Cuba worships art with a heartfelt, put-your-money-where-your-mouth-is national policy. The state supports artists, pays for their education, and asks them to teach others in return. I have never heard a single Cuban artist complain of censorship. So why are these performers, with talent and training in their bones, beauty in their limbs, and joy in their every move, why are they busting their asses in a tawdry Copacabana spin-off?
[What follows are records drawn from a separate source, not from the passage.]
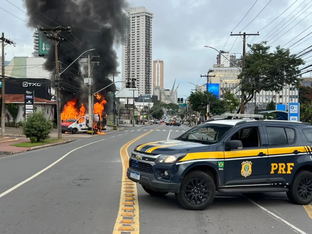 A avenida foi interditada pelo risco iminente de explosão dos cilindros de oxigênio que estavam na ambulância incendiada, para garantir a segurança da população.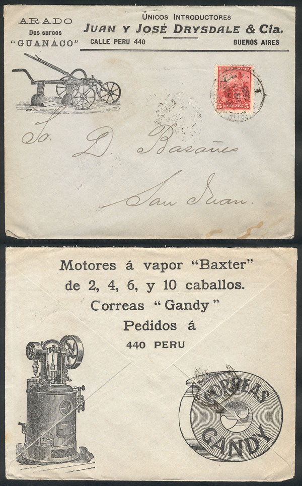 printed advertising of "Guanaco plows, straps, Baxter steam engines ", franked with 5c. Liberty and sent from Buenos Aires to San Juan on 15/JUN/1900, excellent!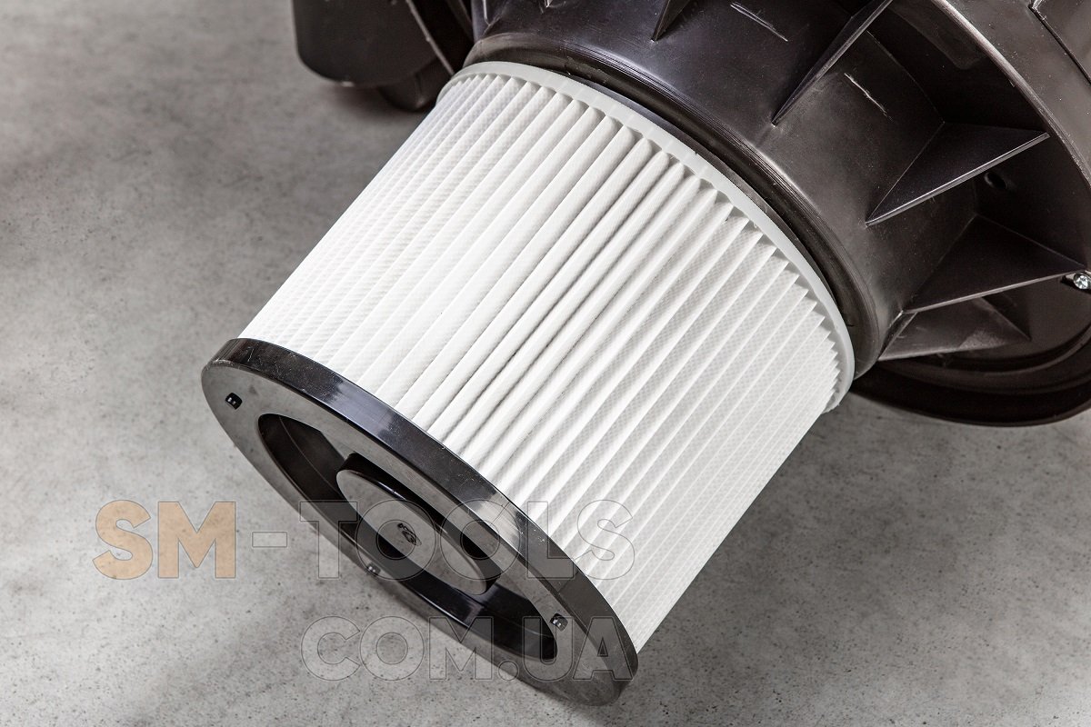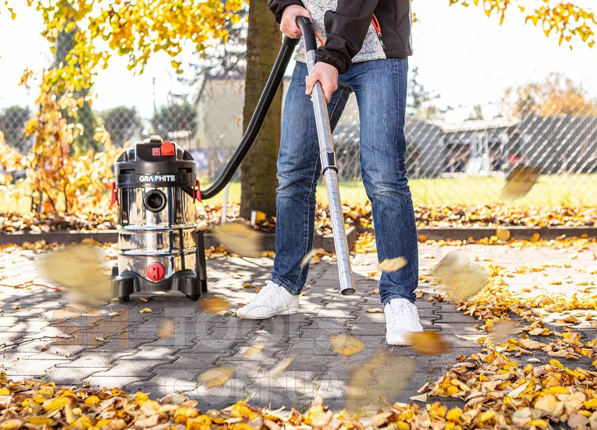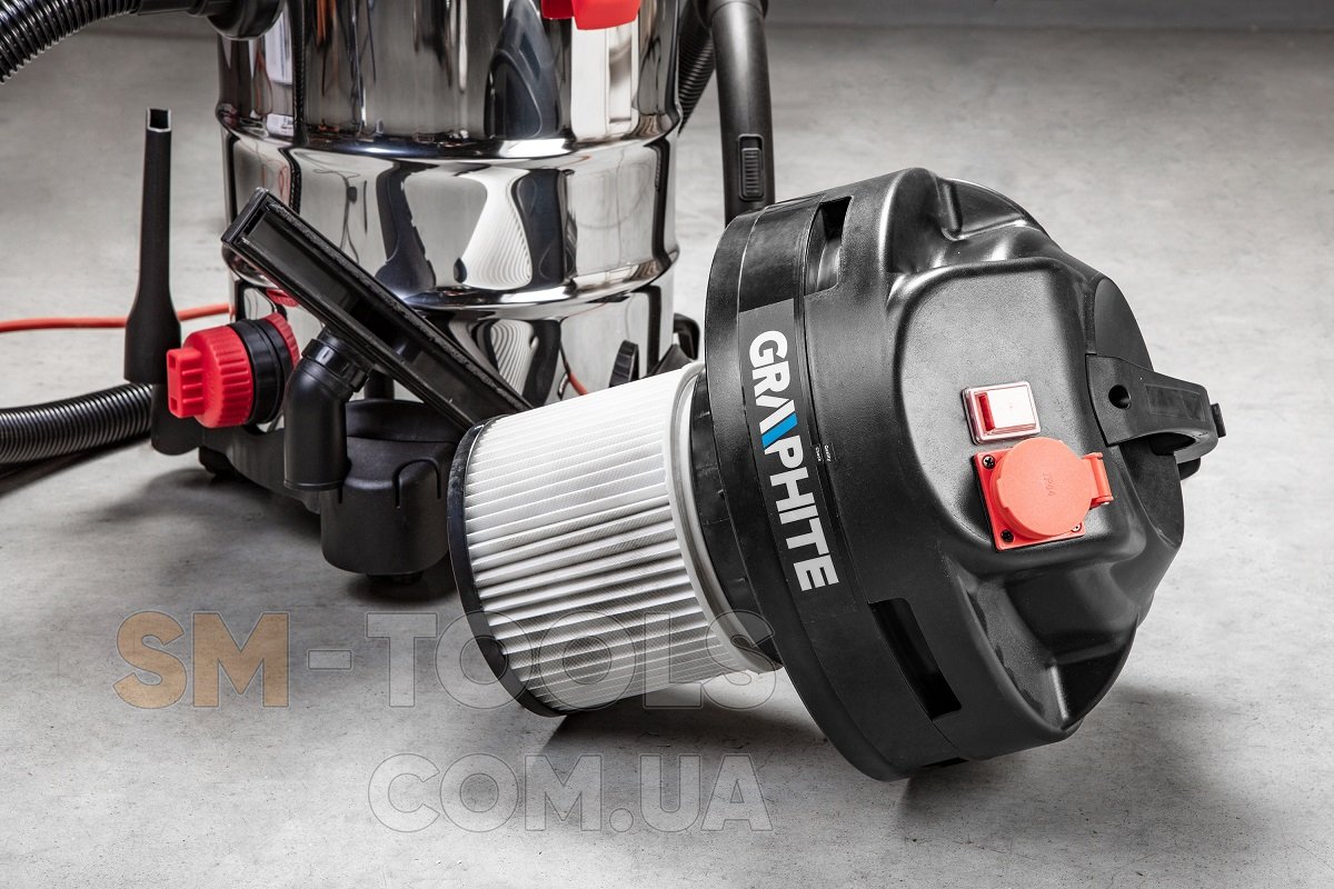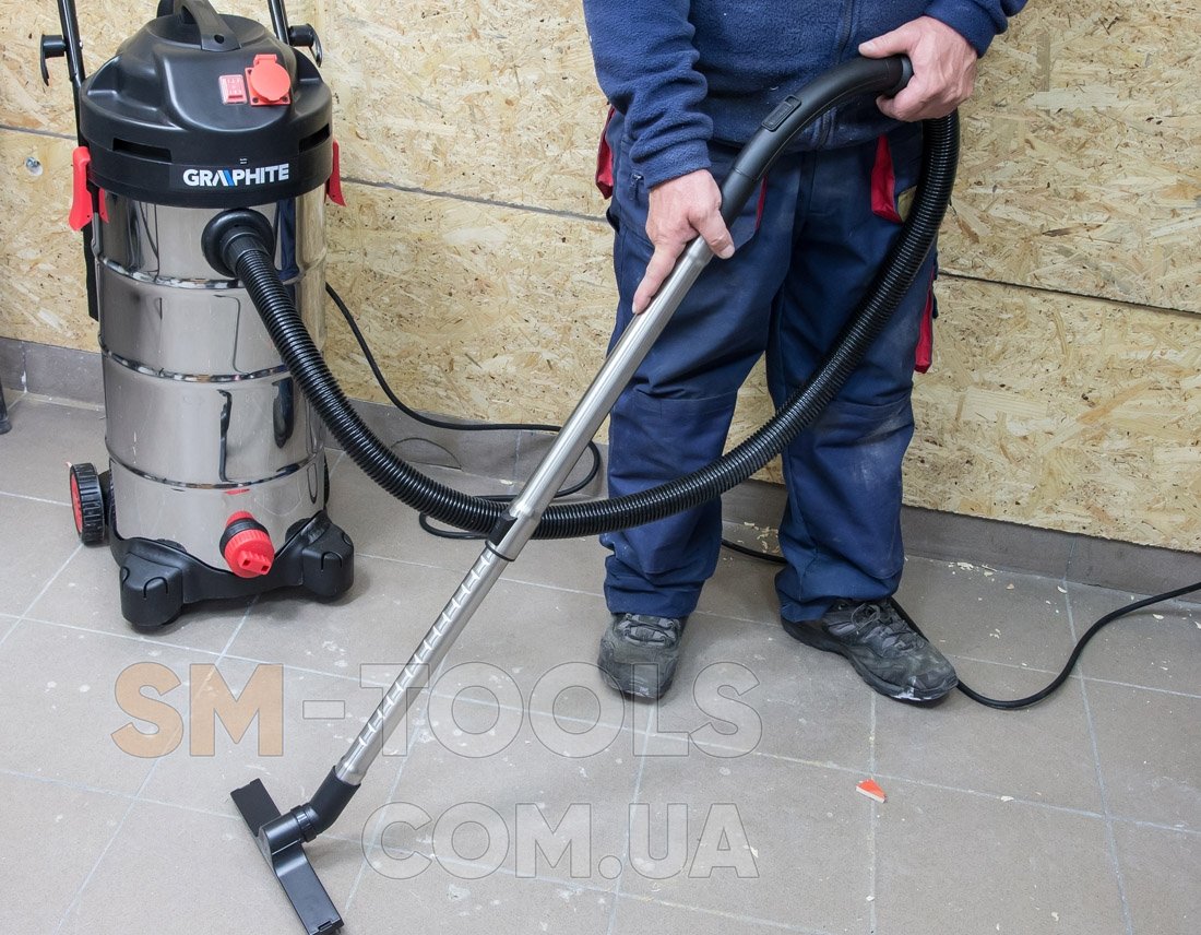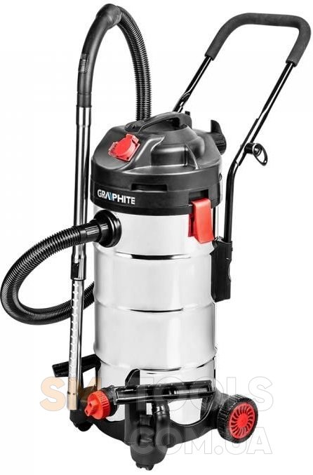 Профессиональный промышленный пылесос GRAPHITE с двигателем мощностью 1500 Вт, предназначен для быстрой и эффективной уборки мусора после выполнения работ в мастерской. Пылесос с вместительным 40-литровым баком из нержавеющей стали, служит как для влажной, так и для сухой уборки. Благодаря большой силе всасывания, равной 18 кПа, и диаметра насадки шланга - 35 мм, пылесос может использоваться для уборки различного мусора. Пылесос с функцией воздуходувки. Кроме того, пылесос оснащен поплавковым клапаном безопасности для влажной уборки и сливной пробкой для слива грязной воды. Большие задние колеса и предотвращения кронштейнами передние колеса обеспечивают безопасное перемещение в тяжелых рабочих условиях. Существует возможность подключения электроинструмента с максимальной мощностью 2000 Вт к розетке пылесоса. Трехпозиционная кнопка включения обеспечивает пуск пылесоса при включении электроинструмента, или пуск только пылесоса без электроинструмента. Пылесос оснащен металлической трубкой с возможностью регулирования ее длины. В основе пылесоса предусмотрено место для хранения сменных насадок. В набор входят: шланг, сменные насадки, телескопическая трубка, пылесборник, поролоновый фильтр, фильтр, фиксаторы шнура питания и переходник.

What are we seeing here in Havana today? Venceremos? We will win? The slogan is still painted on walls all over Cuba. There are no ads. Only venceremos. Venceremos is about action, it embraces everyone, and speaks of victory and determination. Or is this the victory of la vida loca, the crazy life? This phrase seemed to strike a chord, at least with the people in El Salon Rojo. La vida loca describes a state of being without beginning or end. It describes chaos: It has no direction, no subject; no one and everyone is included. Why la vida loca? Where is venceremos?

I ask these questions out loud. My friends and I take turns trying to answer them. Maybe the new floor shows in Havana are designed for the tourists. They can reminisce about the "good old days" before the revolution, when a dollar stretched for miles and the women were there for the taking. (They are again. Young girls walk the streets in spandex, looking you in the eye. Young men whisper in your ear, offering cigars, women, boys...) Everything having to do with tourism is bought and sold with dollars and the dollar seems to be reviving the economy, at least in Havana.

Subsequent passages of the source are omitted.